SIA MAY SHIFT TO
‘Natural’ option as airline’s capital commitments are denominated in US currency, says analyst
SINGAPORE
AS Singapore Airlines Ltd (SIA) considers broadening its debt sources amid plans to spend S$30.1 billion (RM94.4 billion), some analysts are pointing to the likelihood of a shift to US dollar bonds and the higher borrowing costs that may entail.
Chief financial officer Stephen Barnes said on May 19 that the carrier is looking to raise funds in different currency bonds.
“Frankly, we will want to diversify,” he said, without mentioning any specific currencies. While the local-currency market has been “quite receptive” to its issues, the airline is in “no pressing hurry” to diversify its funding and will take its time over the next year or so to look at options, Barnes said.

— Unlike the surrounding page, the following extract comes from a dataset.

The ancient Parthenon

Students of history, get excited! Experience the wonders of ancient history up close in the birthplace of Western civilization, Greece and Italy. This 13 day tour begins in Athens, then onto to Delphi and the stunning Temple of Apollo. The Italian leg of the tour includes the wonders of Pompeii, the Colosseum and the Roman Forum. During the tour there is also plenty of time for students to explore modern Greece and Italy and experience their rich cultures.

It would be “natural” for SIA to raise funds in US dollars given that the carrier’s capital commitments are denominated in that currency, according to Ajith Kom, analyst at UOB Kay Hian Pte.

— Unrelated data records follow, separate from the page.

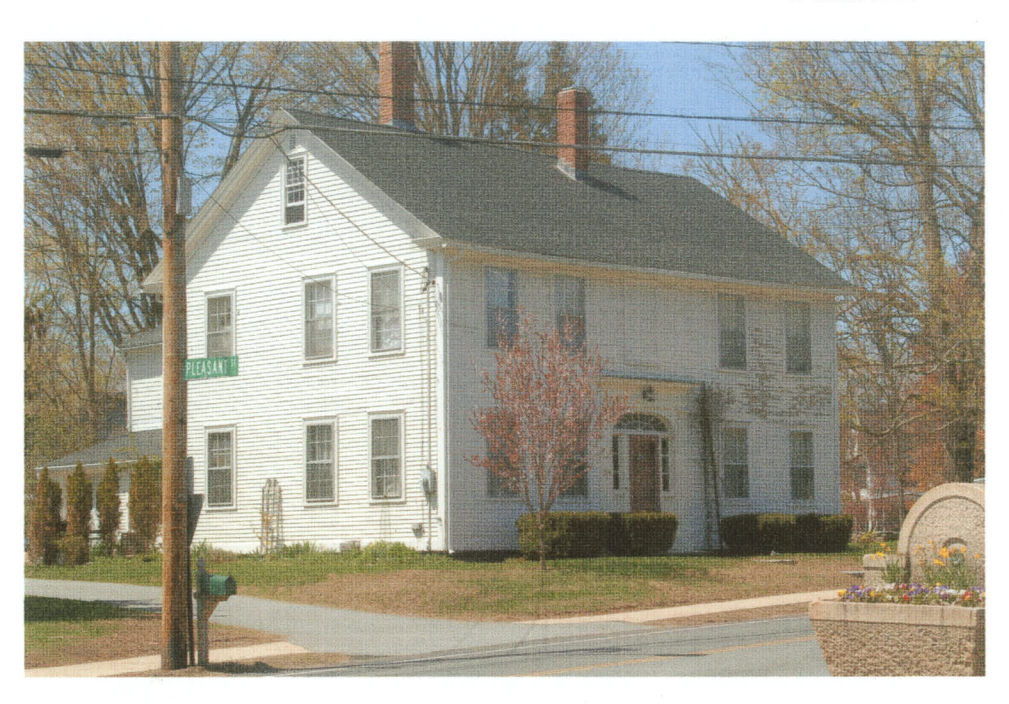
219 Main Street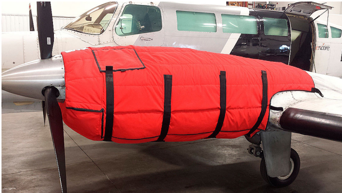
Cessna 404 Insulated Engine Cover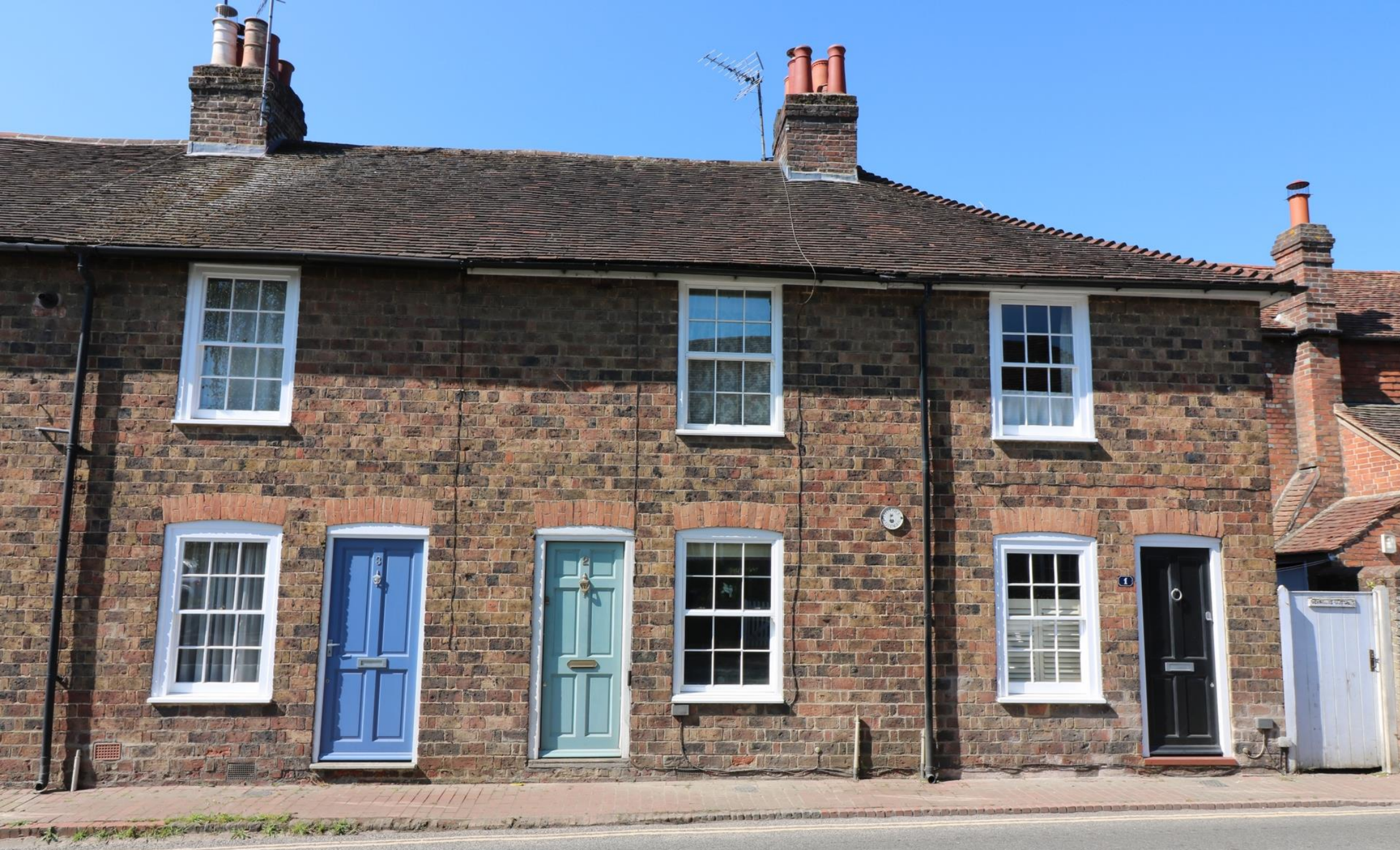
Frederick Cottages Lewes Road, Lindfield, West Sussex, RH16 2

UOB is assuming some increase in borrowing costs for additional debt, said Kom.
Should it decide to tap international debt markets, the choice of currency would be one factor in determining the cost of financing. All of the airline’s outstanding notes are in Singapore dollars, where borrowing costs are on average lower than in the USdollar debt market in Asia but higher than in the euro or yen.
“SIA has always maintained a modern fleet and the years ahead will see us taking delivery of many new-generation aircraft,” said Nicholas Ionides, a company spokesman in an email.
“Our capital expenditure will be rising as we take advantage of new growth opportunities.”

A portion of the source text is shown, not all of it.